Pubblicato il 23/01/2023

N. 01186/2023 REG.PROV.COLL.

N. 13406/2014 REG.RIC.

REPUBBLICA ITALIANA

IN NOME DEL POPOLO ITALIANO

Il Tribunale Amministrativo Regionale per il Lazio

(Sezione Quinta Bis)

ha pronunciato la presente

SENTENZA

sul ricorso numero di registro generale 13406 del 2014, proposto da -OMISSIS-, rappresentato e difeso dall’avvocato A C, con domicilio eletto presso lo studio dell’avvocato G C in Roma, via D. Purificato,147;

contro

Ministero dell’Interno, rappresentato e difeso ope legis dall’Avvocatura Generale dello Stato, presso i cui uffici è domiciliato in Roma, via dei Portoghesi, 12;
Prefettura -OMISSIS-, non costituita in giudizio;

per l’annullamento

del provvedimento del Ministero dell’Interno del 15 maggio 2014, prot.-OMISSIS-, di reiezione dell’istanza del ricorrente volta ad ottenere la cittadinanza italiana;


Visti il ricorso e i relativi allegati;

Visto l’atto di costituzione in giudizio del Ministero dell’Interno;

Visti tutti gli atti della causa;

Relatore nell’udienza pubblica del giorno 9 dicembre 2022 il dott.

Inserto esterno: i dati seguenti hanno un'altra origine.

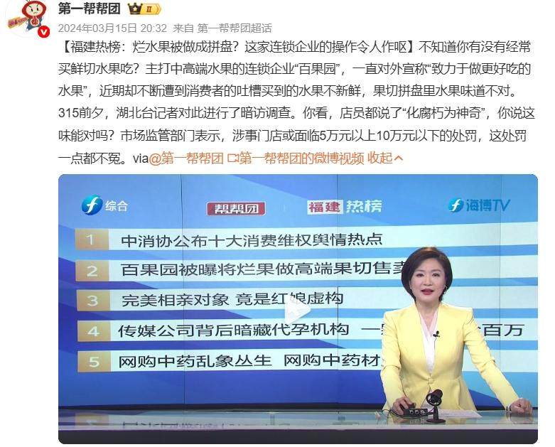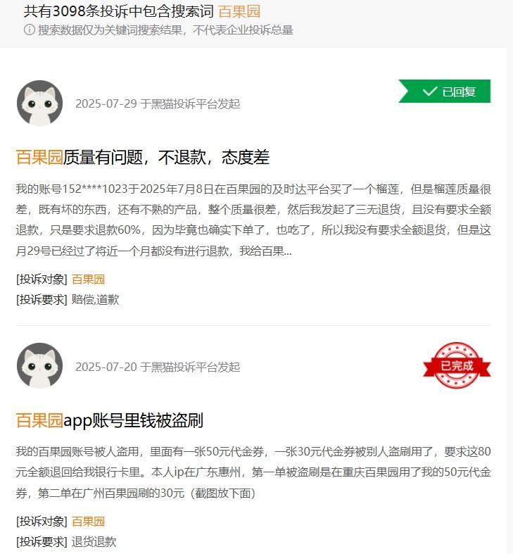 “黑猫投诉”平台显示,包含搜索词“百果园”的相关投诉超3000条,其中大部分都是水果质量及客户服务的问题;近期有消费者投诉表示,“在门店购买荔枝时店员声称新鲜到货,但买回家后打开发现荔枝已严重发霉,当天拿回店内,店员态度恶劣毫无歉意”。

Enrico Mattei e uditi per le parti i difensori come specificato nel verbale;

Ritenuto e considerato in fatto e diritto quanto segue.


FATTO e DIRITTO

Con il ricorso in epigrafe si contesta la legittimità del provvedimento prot.-OMISSIS-, emesso dal Ministero dell’Interno in data 15 maggio 2014, con il quale è stata rigettata la domanda di cittadinanza italiana presentata dal ricorrente in data 26 maggio 2010, ai sensi dell’art. 9, comma 1, lett. f), della legge n. 91/1992, risultando a carico dell’istante i seguenti pregiudizi penali:

- in data 28 febbraio 2006, decreto penale di condanna del G.I.P. del Tribunale di -OMISSIS-, esecutivo in data 5 marzo 2006, per il reato di cui all’art. 186, comma 2 Codice della Strada;

- in data 25 gennaio 2006, sentenza di applicazione della pena su richiesta delle parti da parte del Tribunale -OMISSIS-, irrevocabile in data 4 aprile 2006 per i reati di cui agli artt. 81, 110, 635 comma 2 e 3 e 639 c.p. (danneggiamento, deturpamento, imbrattamento continuato in concorso).

Lamenta in sintesi il ricorrente l’illegittimità dell’atto impugnato per eccesso di potere per insufficiente istruttoria, irragionevolezza, motivazione insufficiente, violazione dell’art. 6, comma 1, della legge n. 91/1992, non essendo possibile rinvenire dal tenore del provvedimento impugnato, alcuna indicazione specifica in ordine ai presupposti di fatto e di diritto posti a fondamento della decisione di rigetto della domanda di cittadinanza.

Il Ministero dell’Interno si è costituito in giudizio con atto di mera forma.

In vista della trattazione del merito il ricorrente ha depositato una memoria conclusionale.

All’udienza pubblica del giorno 9 dicembre 2022, la causa è passata in decisione.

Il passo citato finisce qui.